* _TASK DETAILS_: Among the entries that follow, locate the line with "ABD’nin Arizona eyaletinde" and the line with "A dirigente sindical". Output those lines and all lines in between, exactly, minus the pictures.

* _DATA RECORDS_:
BEGIN
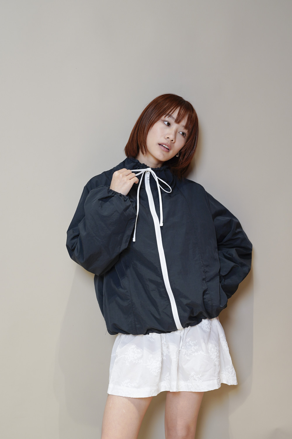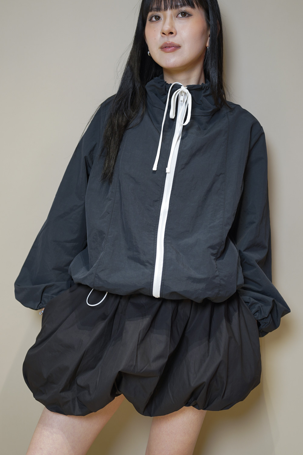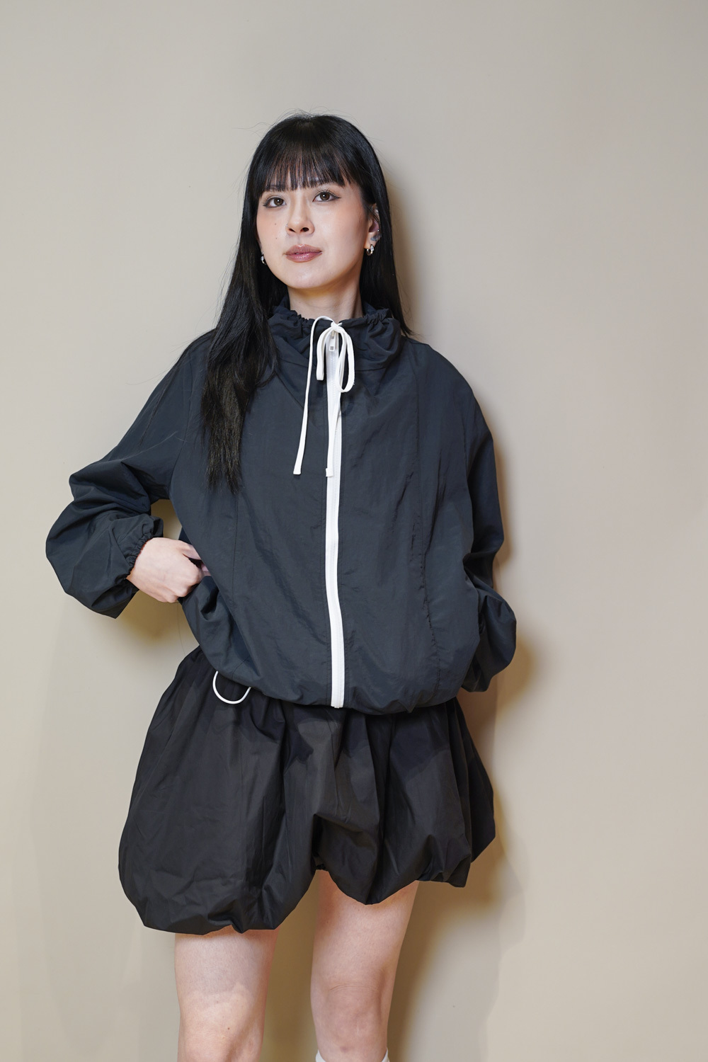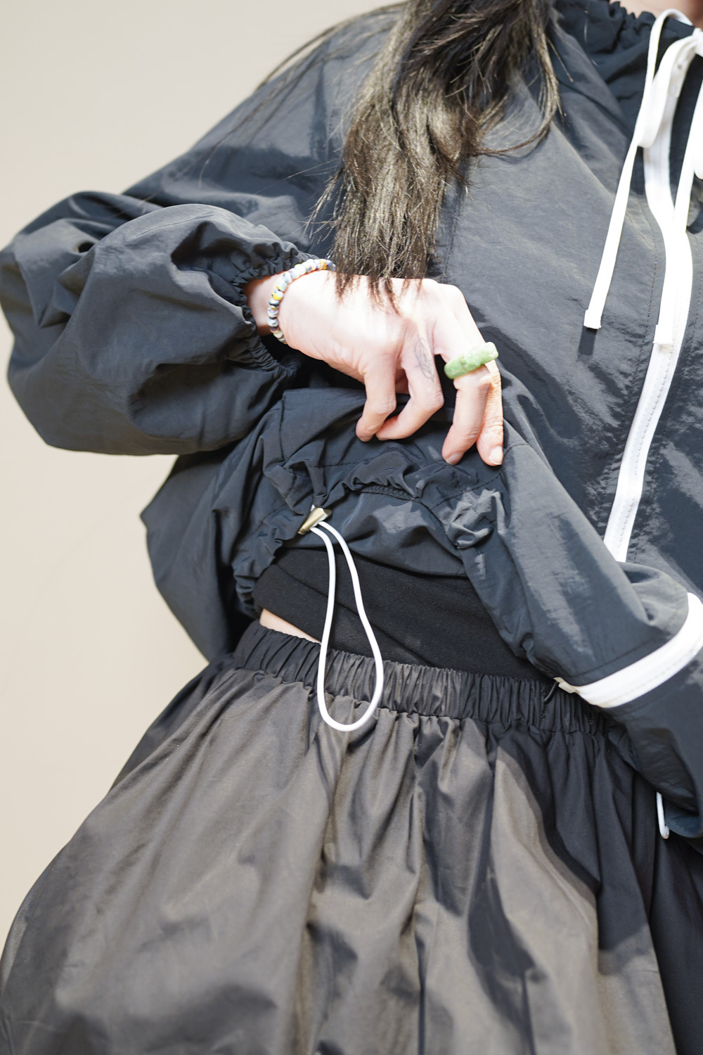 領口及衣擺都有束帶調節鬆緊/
END
BEGIN
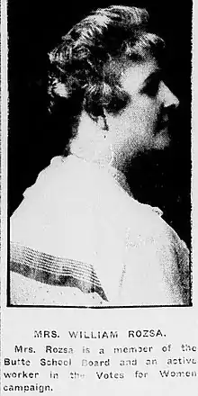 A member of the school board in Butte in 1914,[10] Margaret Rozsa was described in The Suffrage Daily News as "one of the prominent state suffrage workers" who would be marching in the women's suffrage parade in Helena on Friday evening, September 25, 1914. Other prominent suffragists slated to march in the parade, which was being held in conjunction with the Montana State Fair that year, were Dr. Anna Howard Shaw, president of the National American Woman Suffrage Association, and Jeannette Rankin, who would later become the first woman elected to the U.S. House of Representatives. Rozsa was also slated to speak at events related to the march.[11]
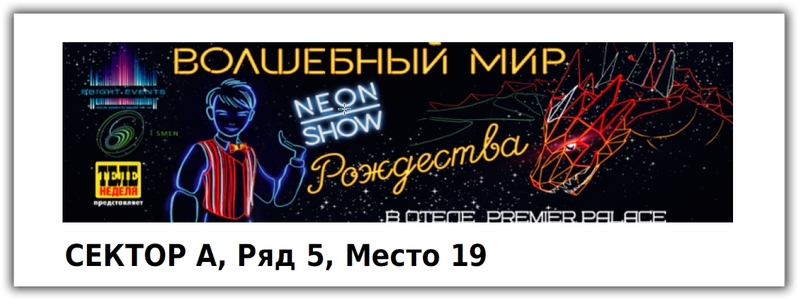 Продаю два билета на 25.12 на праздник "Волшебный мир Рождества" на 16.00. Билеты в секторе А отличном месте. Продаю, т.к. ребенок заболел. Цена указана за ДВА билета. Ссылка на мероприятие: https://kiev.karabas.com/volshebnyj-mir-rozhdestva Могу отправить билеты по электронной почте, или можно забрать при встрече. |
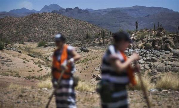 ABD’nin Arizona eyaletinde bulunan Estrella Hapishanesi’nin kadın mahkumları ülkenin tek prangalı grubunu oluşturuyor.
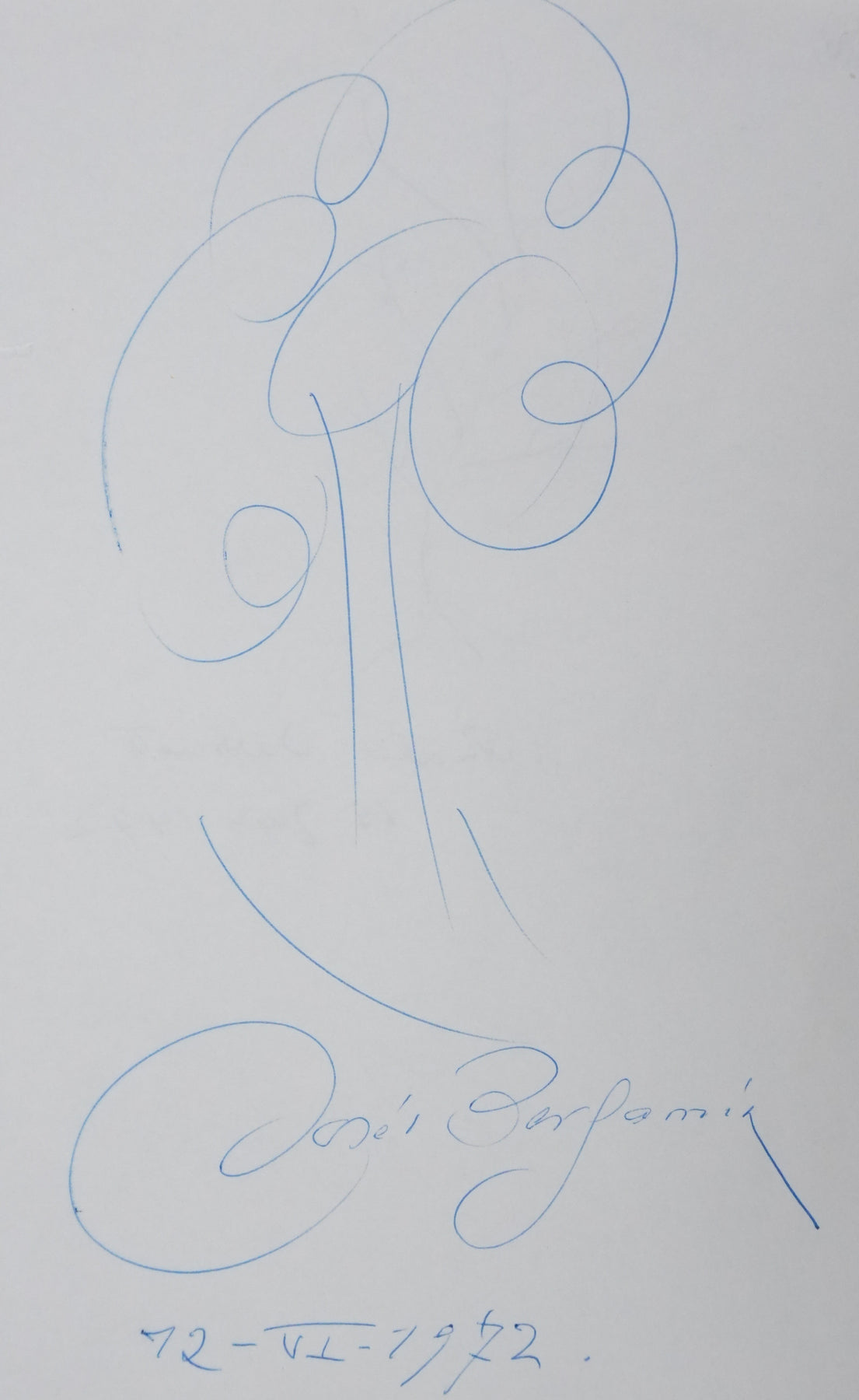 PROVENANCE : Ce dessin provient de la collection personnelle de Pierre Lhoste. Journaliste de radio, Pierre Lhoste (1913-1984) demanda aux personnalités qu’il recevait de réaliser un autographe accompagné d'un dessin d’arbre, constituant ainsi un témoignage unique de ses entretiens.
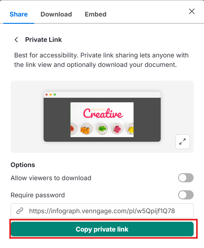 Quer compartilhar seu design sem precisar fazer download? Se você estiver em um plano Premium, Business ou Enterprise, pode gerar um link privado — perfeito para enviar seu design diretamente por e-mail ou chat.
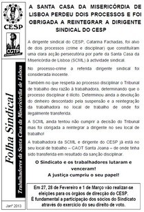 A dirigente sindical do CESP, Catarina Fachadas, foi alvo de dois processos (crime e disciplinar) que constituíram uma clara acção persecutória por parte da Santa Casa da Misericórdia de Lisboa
END
* _RESPONSE_:
 ABD’nin Arizona eyaletinde bulunan Estrella Hapishanesi’nin kadın mahkumları ülkenin tek prangalı grubunu oluşturuyor.
 PROVENANCE : Ce dessin provient de la collection personnelle de Pierre Lhoste. Journaliste de radio, Pierre Lhoste (1913-1984) demanda aux personnalités qu’il recevait de réaliser un autographe accompagné d'un dessin d’arbre, constituant ainsi un témoignage unique de ses entretiens.
 Quer compartilhar seu design sem precisar fazer download? Se você estiver em um plano Premium, Business ou Enterprise, pode gerar um link privado — perfeito para enviar seu design diretamente por e-mail ou chat.
 A dirigente sindical do CESP, Catarina Fachadas, foi alvo de dois processos (crime e disciplinar) que constituíram uma clara acção persecutória por parte da Santa Casa da Misericórdia de Lisboa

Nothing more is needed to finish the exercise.